Закат империи - страница 24

Шрифт
Интервал

стр.

— А-а-х! — единодушно вырвалось из мгновенно пересохших мужских глоток.

Феодора коварно улыбнулась и, обхватив обеими руками свои полные груди с ярко накрашенными пурпурной краской сосками, медленно опустилась на сиденье, а затем легла, отклонившись назад и слегка согнув ноги. Один из рабов опустил рядом с ней обоих гусей, а второй принялся доставать из небольшого мешка зерна ячменя и бросать женщине на низ живота. Гусей явно тренировали именно для этого трюка, они принялись осторожно вытягивать шеи, пропустив их между ног лежащей Феодоры, и вытаскивать клювами брошенные зёрна, слегка пощипывая её курчавые подкрашенные хной волоски.

Толпа взревела и вновь разразилась аплодисментами. А через мгновение раздался и безудержный хохот — какой-то зритель, с раскрытым ртом засмотревшийся на эти порочные чудеса, оступился и упал в жёлоб, который тянулся между рядами, чтобы в случае дождя по нему стекала вода, а в случае жары, напротив, бежала, благоухая ароматизирующими эссенциями. Сломав ногу, бедняга заскользил вниз, издавая жалобные вопли, что лишь добавило веселья публике.

— Какая бесстыжая тварь! — вдруг вспыхнула Амалаберга и стремительно поднялась с места. — Я не желаю больше смотреть на эту мерзость!

Максимиан и Корнелий только сейчас отвели глаза от соблазнительно раскинувшейся Феодоры и при этих словах готской принцессы даже слегка смутились.

— Позволь мне хотя бы проводить тебя! — вскочив с места, попросил Максимиан.

— Тогда ты пропустишь самое интересное! — иронично заметила Амалаберга, презрительно кивнув в сторону гетеры. — О нет, я не хочу лишать тебя этого удовольствия, мне не нужны никакие провожатые.

Эти слова мгновенно всколыхнули в нём все недавние подозрения, и он стал настаивать и настаивал до тех пор, пока не дождался ледяного тона, пригвоздившего его к месту:

— Ты мне надоел!

После этого Амалаберга поспешно покинула цирк, не дожидаясь окончания очередного заезда, а подавленный Максимиан вернулся к Корнелию. К этому времени Феодора уже закончила своё необычное представление, поднялась с места и завернулась в плащ, после чего стала раскланиваться во все стороны и посылать воздушные поцелуи.
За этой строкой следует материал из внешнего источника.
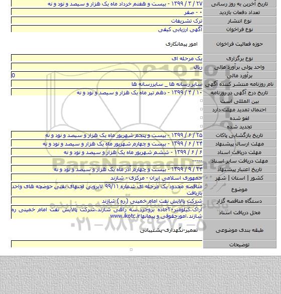 مناقصه, مناقصه محدود یک مرحله ای شماره ۹۹/۱۱ لایروبی لجنهای نفتی حوضچه های واحد بازیافت از کلیه افراد متخصص و شرکتها واجد شرایط دعوت به عمل میآید در مناقصه با کد خبرگزاری پارس نماد: 2502636 شرکت نمایند.
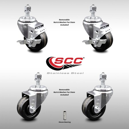 3 Inch SS Phenolic Wheel Swivel ? Inch Threaded Stem Caster Brakes SCC, 2PK
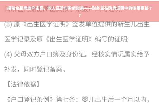 摘要:本文将揭示合肥房地产市场的现状,探讨收入证明在购房过程中的作用,以及购房指南的相关内容。本文将解答关于合肥买房收入证明是否可以盖财务章的疑问,帮助购房者了解相关政策和流程,为购房做好充分准备。

— Я вижу, ты опечален, но о причине даже не спрашиваю, — посылая гетере ответный воздушный поцелуй, торопливо проговорил Корнелий. — И, чтобы тебя хоть немного утешить, предлагаю немедленно отправиться к ней, — и он кивнул на Феодору.

— О нет, только не это! — буквально простонал Максимиан.

— Почему?

— Разврат легко доступен, поэтому и не слишком интересен. Гораздо сильнее влечёт то, что своенравно и не хочет даваться нам в руки... А заменять одно другим всё равно что пить прокисший сок вместо вина.
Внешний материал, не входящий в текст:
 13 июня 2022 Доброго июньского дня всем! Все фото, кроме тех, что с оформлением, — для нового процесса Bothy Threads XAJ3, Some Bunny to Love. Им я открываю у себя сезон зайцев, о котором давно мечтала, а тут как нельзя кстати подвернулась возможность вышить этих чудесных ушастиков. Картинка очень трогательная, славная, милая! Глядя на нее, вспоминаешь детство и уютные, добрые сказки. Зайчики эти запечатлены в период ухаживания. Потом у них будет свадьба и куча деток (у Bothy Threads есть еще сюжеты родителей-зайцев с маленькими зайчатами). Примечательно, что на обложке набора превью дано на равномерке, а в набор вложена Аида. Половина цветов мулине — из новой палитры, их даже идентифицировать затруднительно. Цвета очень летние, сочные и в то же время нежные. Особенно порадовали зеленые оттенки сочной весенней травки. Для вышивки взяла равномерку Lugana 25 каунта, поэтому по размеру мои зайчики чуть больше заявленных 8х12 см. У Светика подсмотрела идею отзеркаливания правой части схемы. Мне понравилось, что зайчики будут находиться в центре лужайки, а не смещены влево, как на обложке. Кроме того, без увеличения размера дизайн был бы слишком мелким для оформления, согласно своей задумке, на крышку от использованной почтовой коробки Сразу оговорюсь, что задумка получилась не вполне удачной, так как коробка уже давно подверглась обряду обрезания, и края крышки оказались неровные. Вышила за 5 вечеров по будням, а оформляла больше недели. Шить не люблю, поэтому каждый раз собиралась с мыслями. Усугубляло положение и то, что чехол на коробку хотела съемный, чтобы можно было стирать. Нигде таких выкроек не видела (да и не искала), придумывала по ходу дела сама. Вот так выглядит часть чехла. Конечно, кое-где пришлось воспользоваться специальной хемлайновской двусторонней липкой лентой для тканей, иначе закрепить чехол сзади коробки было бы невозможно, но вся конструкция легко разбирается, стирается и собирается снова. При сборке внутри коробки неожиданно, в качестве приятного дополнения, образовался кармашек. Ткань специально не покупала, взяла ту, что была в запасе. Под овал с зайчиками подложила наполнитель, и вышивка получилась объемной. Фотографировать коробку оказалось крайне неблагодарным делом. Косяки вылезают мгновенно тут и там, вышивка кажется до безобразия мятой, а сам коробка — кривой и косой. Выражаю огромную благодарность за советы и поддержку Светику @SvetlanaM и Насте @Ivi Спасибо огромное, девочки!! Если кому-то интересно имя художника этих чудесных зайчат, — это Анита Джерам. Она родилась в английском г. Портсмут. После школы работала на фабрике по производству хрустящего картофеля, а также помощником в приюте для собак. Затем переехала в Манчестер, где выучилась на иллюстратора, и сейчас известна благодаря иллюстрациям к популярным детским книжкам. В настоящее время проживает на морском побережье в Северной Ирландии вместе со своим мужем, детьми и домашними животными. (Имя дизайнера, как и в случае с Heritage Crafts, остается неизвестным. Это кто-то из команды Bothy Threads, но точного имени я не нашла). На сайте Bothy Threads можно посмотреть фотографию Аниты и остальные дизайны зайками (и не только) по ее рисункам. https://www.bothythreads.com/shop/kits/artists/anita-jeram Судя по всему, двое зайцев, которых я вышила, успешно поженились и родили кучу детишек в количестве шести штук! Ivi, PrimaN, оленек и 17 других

— Но король дал обещание, можешь считать, что твоя готская принцесса почти что у тебя в руках...

— Да мне же хочется от неё любви, а не соблюдения долга! — раздосадованно воскликнул Максимиан.

— Ну, мой друг, судя по её ангельскому характеру... Впрочем, зная этого отъявленного мерзавца Тригвиллу, её отца, трудно было ожидать чего-то иного. Так ты упорно не хочешь позабавиться с Феодорой? Она умеет делать много интересного...
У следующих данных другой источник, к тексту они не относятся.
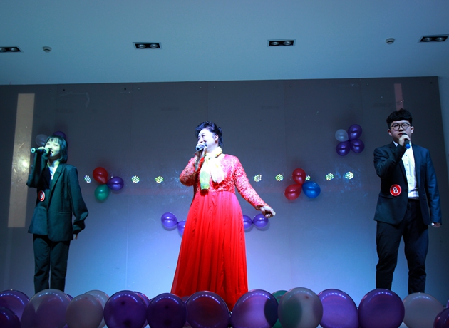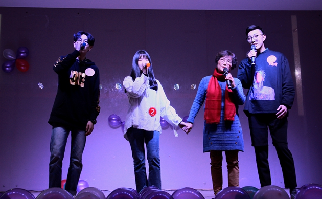 本次比赛的亮点在开场的“帮帮唱”环节,来自市陌二社区“红歌老年合唱队”的阿姨们和参赛选手同台发声,一首首耳熟能详的老歌的旋律在赛场回荡。每周六下午的青年志愿者红歌教学志愿者服务活动已经变成商贸志愿者和社区阿姨们每周“老时间老地点不见不散”的约定。此次“帮帮唱”选择的歌曲也都是在“红歌课堂”上志愿者教唱的歌曲。绚丽的灯光下,选手们用一曲曲或温婉动人或温馨甜蜜或激情澎湃的歌曲,向观众们全面展现了“乐声飞扬,我最闪亮”的一面,各具特色的表演赢得满堂喝彩。
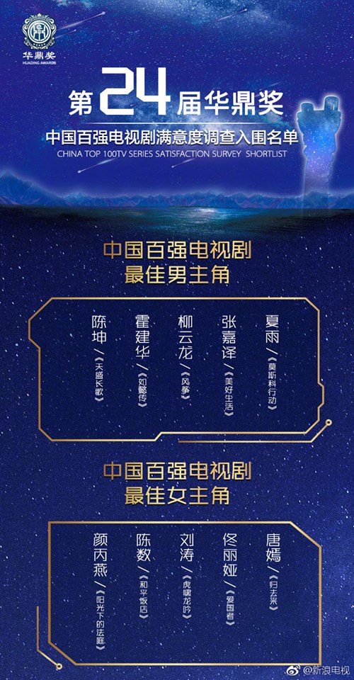 Mới đây, danh sách đề cử chính thức của giải Hoa Đỉnh năm nay đã được công bố. Hạng mục Nam diễn viên chính xuất sắc nhất (Thị đế) gồm có Trần Khôn (Thiên thịnh trường ca), Hoắc Kiến Hoa (Hậu cung Như Ý truyện), Liễu Vân Long (Phong tranh), Trương Gia Dịch (Cuộc sống tươi đẹp) và Hạ Vũ (Hành động Moscow). Còn hạng mục Nữ diễn viên chính xuất sắc nhất (Thị hậu) gồm có Nhan Bính Yến (Pháp đình dưới ánh mặt trời), Trần Số (Quán cơm hòa bình), Lưu Đào (Quân sư liên minh), Đồng Lệ Á (Người yêu nước) và Đường Yên (Quy khứ lai).
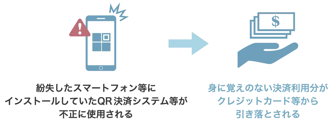 自分の落としたスマートフォンを他の誰かに拾われて、自分のQR決済システムが使われて、自分のクレジットカードから引き落としがされてしまった。
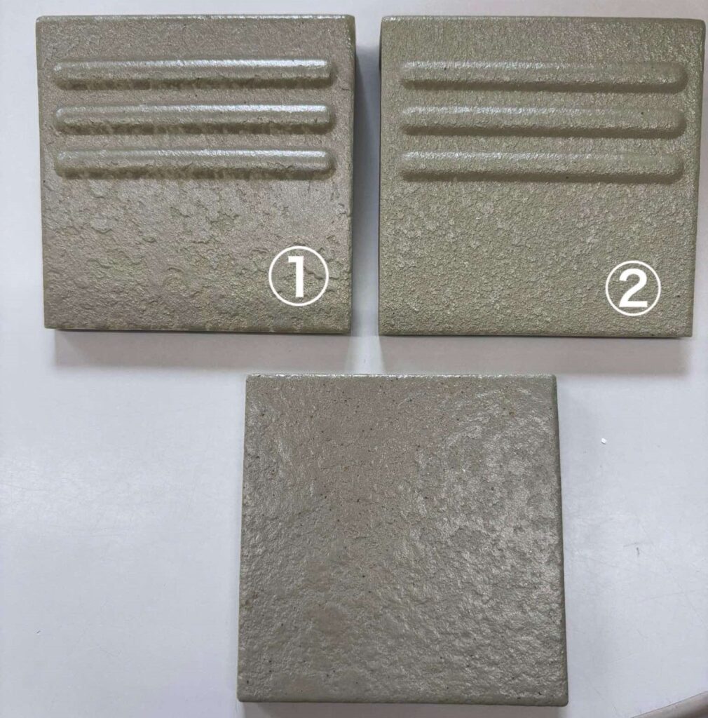 また、開発したタイルサンプルを現地へお送りし、実際に目で見て問題がないかを確認していただいています。現場では、日向と日陰、既存タイルとの並び、階段の立体感によって印象が大きく変わります。

— Не сомневаюсь. Однако прощай, — и Максимиан, боясь упустить Амалабергу, направился к выходу.

— Куда ты, ведь заезды ещё не кончились! — удивлённо воскликнул Корнелий, но его приятель, не оборачиваясь, лишь махнул рукой и заспешил по лестнице, ведущей в галерею, проходящую внизу.

Пробежав под аркой, Максимиан поспешно спустился вниз и вышел на площадь, надеясь, что к этому времени его носилки уже окажутся там. И действительно, четверо знакомых рабов, стоя возле его паланкина, коротали время за игрой в «мору», которая состояла в том, что нужно было угадать число внезапно разжимаемых пальцев. Максимиан внимательно огляделся по сторонам: хотя прошло не больше десяти минут с момента ухода Амалаберги, её паланкина уже нигде не было видно. А что, если она действительно торопилась к любовнику и её гнев на непристойности Феодоры был всего лишь хорошо разыгранным фарсом? Как он теперь узнает об этом?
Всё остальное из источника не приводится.